VirusScope is Static and Dynamic Behavioral Analysis and its excellent and amazing

I'm aware of that. What I meant in the post is that Comodo's detection technologies don't help containment or users decide whether to run an unknown or unvetted program in containment or outside. As a result, they don't make Comodo any more user-friendly in terms of usability. Therefore, the VirusScope default setting analyzes apps running in containment only, and it's likely that the Valkyrie default will be the same.

 

[simmerskool]

There are a lot of topics debating Comodo's effectiveness. The Firewall with Containment alone is all you need and you can run any AV along side of it. @cruelsister tests it regularly against the latest threats. It has taken years to be updated but it's firewall still does what it does well and Containment when configured properly has yet to be compromised and contains the latest ransomware with no issues. At the end of the day, use what works best for you. There are other products out there using sandboxing/containment technology of unknowns.

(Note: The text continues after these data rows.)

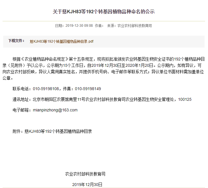 12月30日,农业农村部科教司发布公告,公示拟批准颁发农业转基因生物安全证书目录。共有192个植物品种,其中包括189个棉花品种、2个玉米品种和1个大豆品种。公示期为15个工作日,至2020年1月20日截至。如无异议,则两个转基因玉米事件有望获批安全证书。拿到安全证书以后,如果顺利通过品种审定,就可进入产业化种植。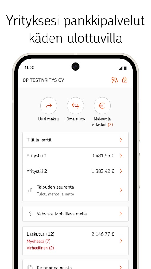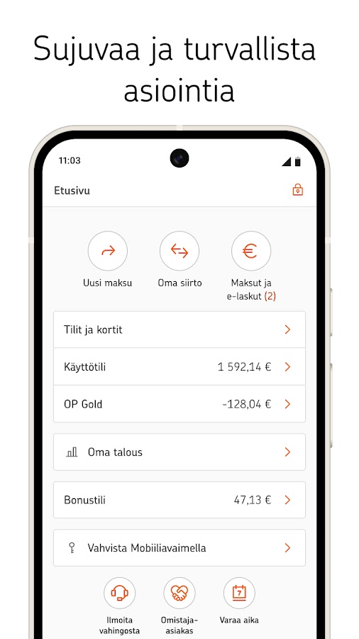 OP mobile — это простой и безопасный способ решать самые важные банковские и страховые вопросы в любом месте. Банковские услуги, необходимые вашей компании, также находятся в пределах досягаемости. С помощью мобильного ключа вы идентифицируете себя в цифровых сервисах OP и службах органов власти, а также подтверждаете платежи за онлайн-покупки.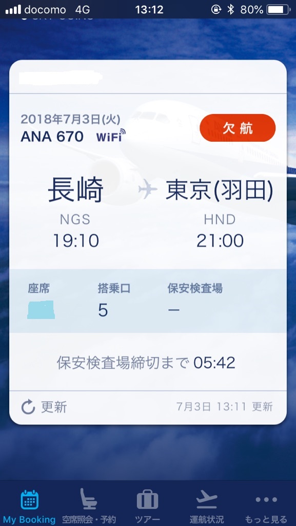 4日は長崎で仕事の予定でしたが、台風7号の接近に伴い、当日入りができなくなる可能性があるからと代理店の方に言われ、急遽、3日の最終便で長崎の佐世保に前乗りすることになりました。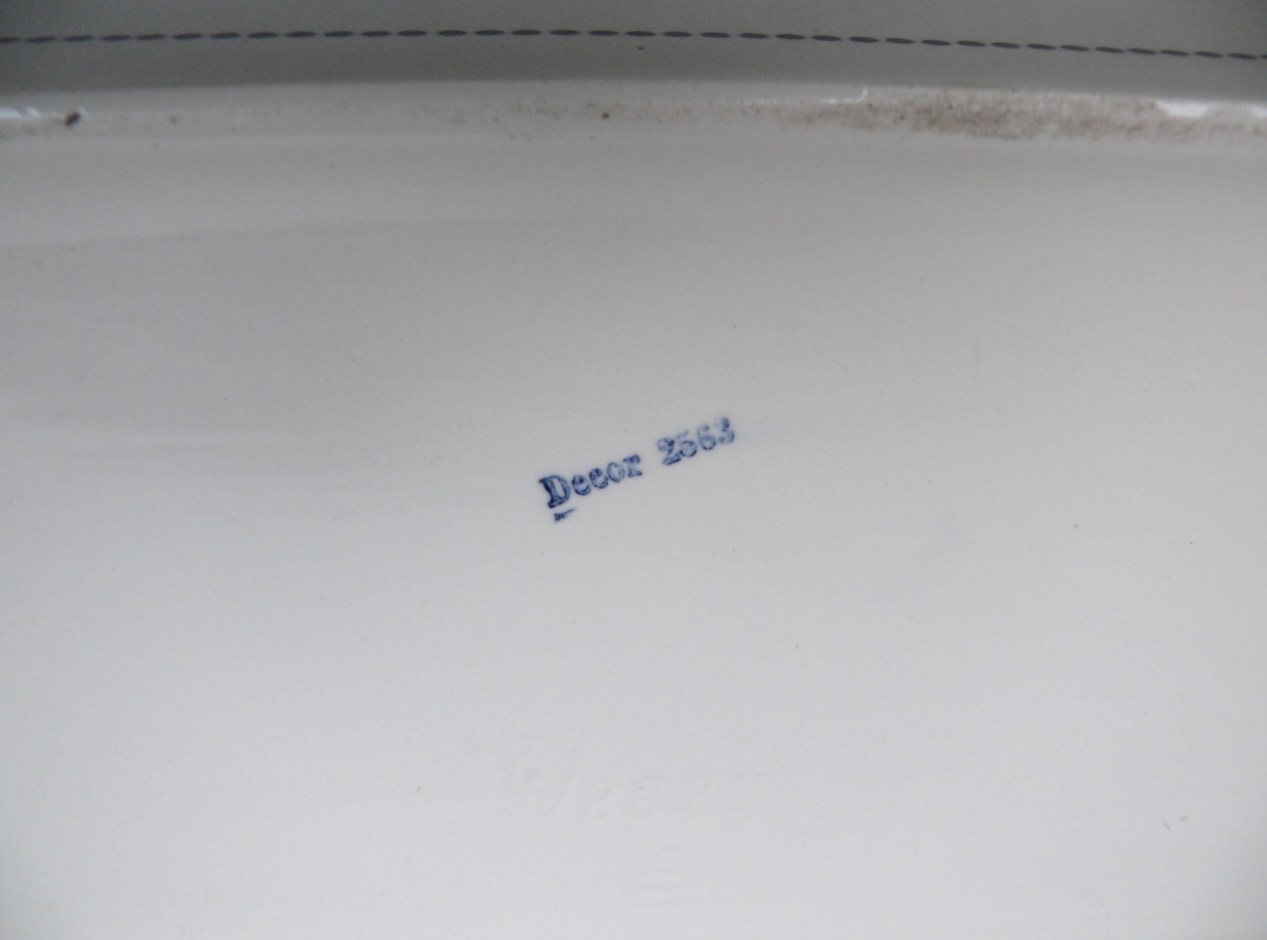 Das Dekor – Rosen – ist in dunkelrosa, grün und schwarz auf weißem Grund gehalten, rechteckige Grundform mit abgerundeten Ecken.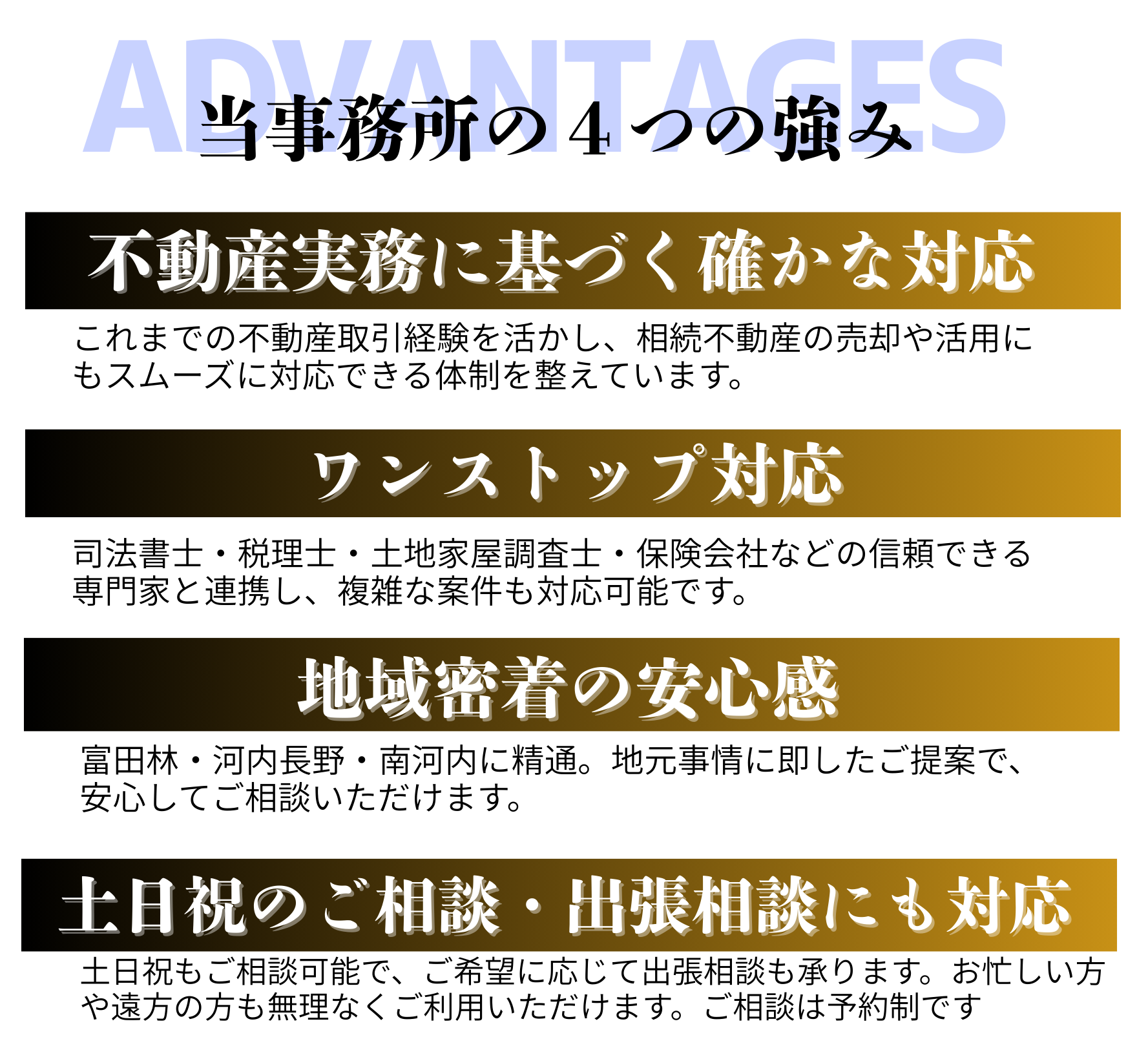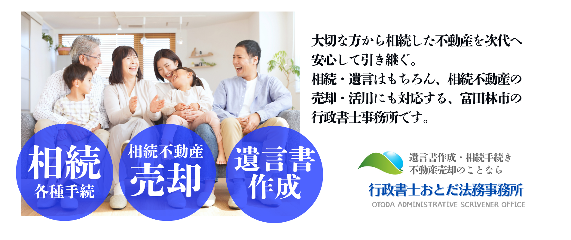 行政書士おとだ法務事務所では、行政書士×宅建士のダブルライセンスを活かし、相続手続きや遺言書作成を丁寧にサポートしています。富田林市・河内長野市・南河内郡を中心に、地域に根ざした安心の相談窓口としてご利用いただけます。また、不動産取引の知識を活かし、相続に伴う不動産の売却や活用のご相談もワンストップでサポートいたします。必要に応じて司法書士や他の専門家とも連携しながら、手続きがスムーズに進むようお手伝いします。初回相談は無料(予約制)ですので、平日お忙しい方や土日希望の方も安心してご相談いただけます。

Anyway, with anticipated next stable release January/Feb for Comodo Firewall/CIS we'll see how it develops. Xcitium Enterprise producs are current and updated all the time. The last I heard, they're working with CF/CIS to bring it in line.

right, I used CF (cruelcomodo) for several years, I was merely pointing out to @Xeno1234 that not everyone here likes Xcitium (comodo). I have not tried Xcitium on VM yet, but I do have CF 2024 beta running on a VM.

 

[ErzCrz]

right, I used CF (cruelcomodo) for several years, I was merely pointing out to @Xeno1234 that not everyone here likes Xcitium (comodo). I have not tried Xcitium on VM yet, but I do have CF 2024 beta running on a VM.

Ah okay.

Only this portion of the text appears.